If you’re planning to add some dividend shares to your portfolio next week, then the ones listed below could be worth considering.
Here’s why I think they are top options for income investors right now:
BHP Group Ltd (ASX: BHP)
If you don’t mind investing in the mining sector, then you might want to consider buying BHP. I think it is a great dividend option right now due to its generous yield and positive outlook.
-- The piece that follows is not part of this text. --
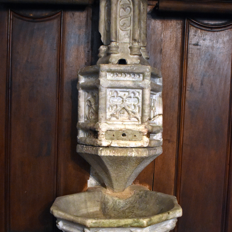 La sacrestia nuova, costruita nel 1728, ha le pareti rivestite con pannelli in noce e un ricco arredo costituito da un armadio con sportelli, sedili ed inginocchiatoi; In una nicchia si trova un’urna in marmo, forse trecentesca, con scolpiti i simboli araldici dei Valperga, dei Savoia e i nodi dell’Ordine della Santissima Annunziata. La tradizione la indica come dono del Conte Amedeo di Savoia, detto conte rosso, alla fine delle guerre del tuchinaggio.
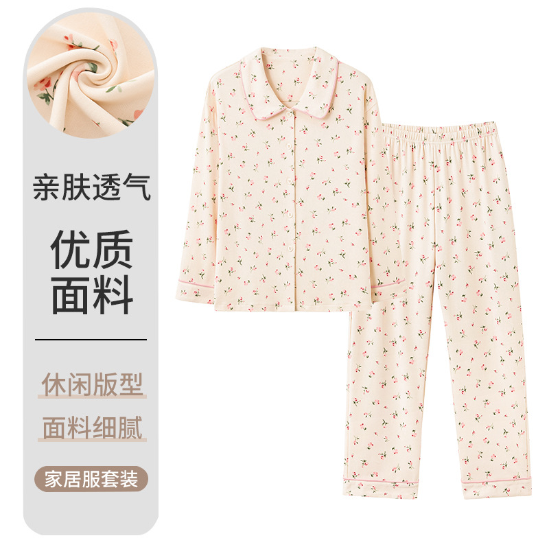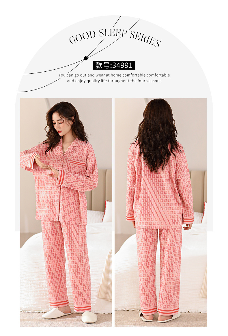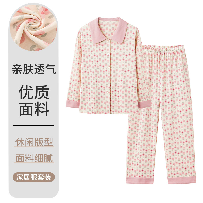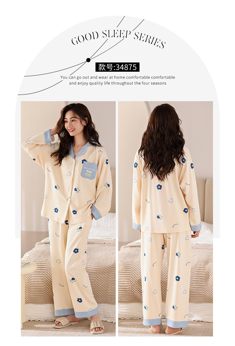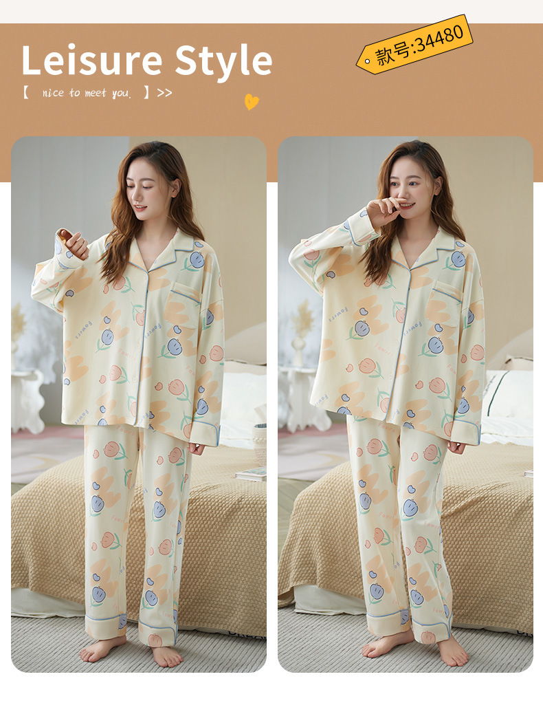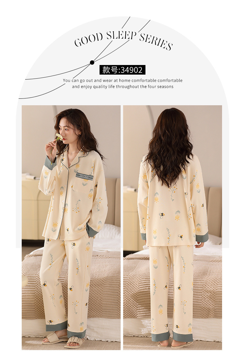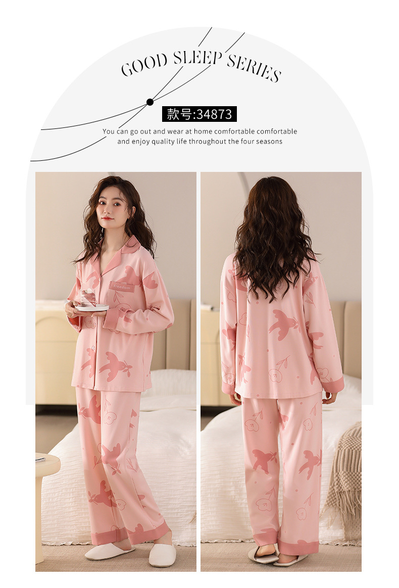 봄과 가을 잠옷 여자의 긴팔 바지 세트 봄과 가을 가정 옷 면 귀여운 만화 가을과 겨울 겉옷스토어 가기

Thanks to its world class operations and their low costs, I believe BHP is well-positioned to continue generating high levels of free cash flow over the coming years. Especially with iron ore at such strong prices.
And given the strength of its balance sheet, I suspect the majority of its free cash flow will be distributed to shareholders through dividends. In light of this, I estimate that the mining giant’s shares currently provide investors with a fully franked ~5% FY 2021 dividend yield.
National Australia Bank Ltd (ASX: NAB)
Another option for investors to consider buying for dividends is NAB. The banking giant’s shares have fallen heavily this year due to concerns over a potential spike in bad debts because of the pandemic. While I feel a rise in bad debts is inevitable, I’m optimistic the provisions it has made are more than enough to cover the potential damage.
In light of this, I feel the worst is behind the bank and now would be a good time to consider a long term investment in its shares. Especially for income investors in this low interest rate environment. At present, I estimate that NAB’s shares offer a generous fully franked 5.2% FY 2021 dividend yield. This is materially better than the interest rates offered with its term deposits and savings accounts.